PROBLEM DETAILS - Keep every word of the listing and reproduce it exactly, but set aside any image found there.

SUPPLIED DATA -

┌──

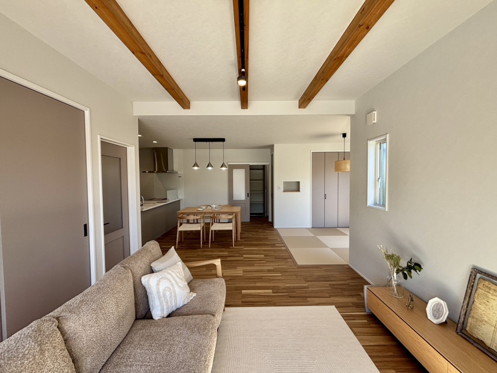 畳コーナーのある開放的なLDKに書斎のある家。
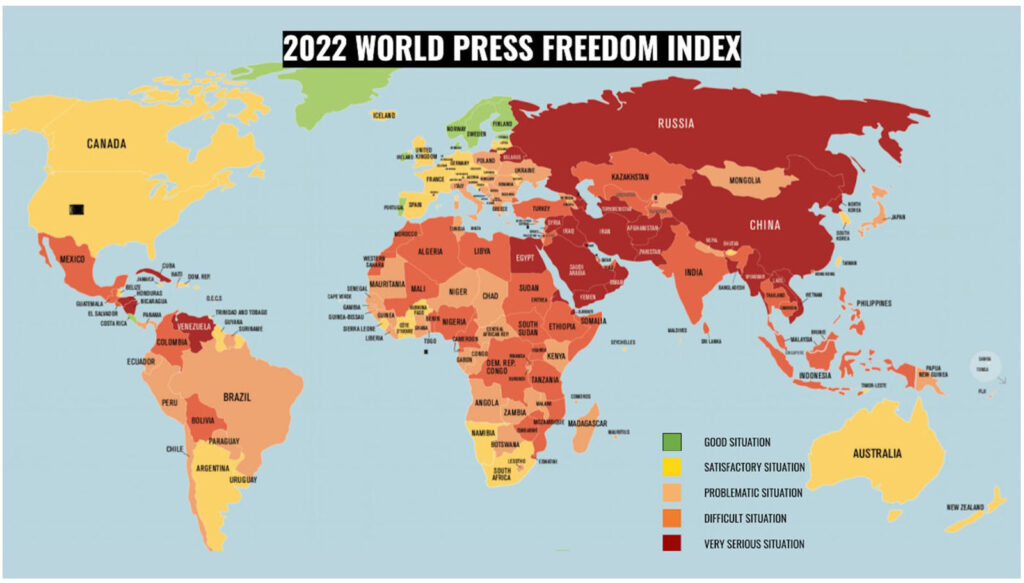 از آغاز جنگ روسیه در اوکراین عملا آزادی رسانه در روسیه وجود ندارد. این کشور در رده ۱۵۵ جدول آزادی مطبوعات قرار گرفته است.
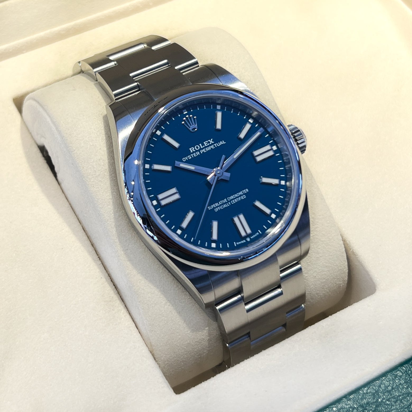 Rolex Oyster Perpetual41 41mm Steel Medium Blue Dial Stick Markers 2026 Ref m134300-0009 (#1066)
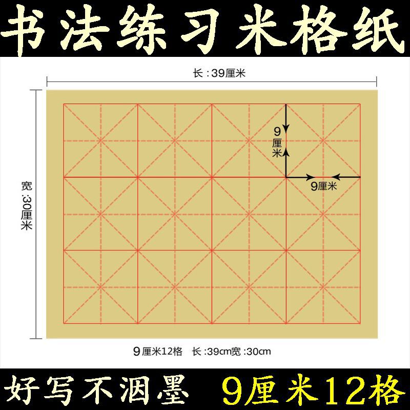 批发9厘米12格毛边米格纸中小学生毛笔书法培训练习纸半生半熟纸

└──

RESPONSE -
 畳コーナーのある開放的なLDKに書斎のある家。
 از آغاز جنگ روسیه در اوکراین عملا آزادی رسانه در روسیه وجود ندارد. این کشور در رده ۱۵۵ جدول آزادی مطبوعات قرار گرفته است.
 Rolex Oyster Perpetual41 41mm Steel Medium Blue Dial Stick Markers 2026 Ref m134300-0009 (#1066)
 批发9厘米12格毛边米格纸中小学生毛笔书法培训练习纸半生半熟纸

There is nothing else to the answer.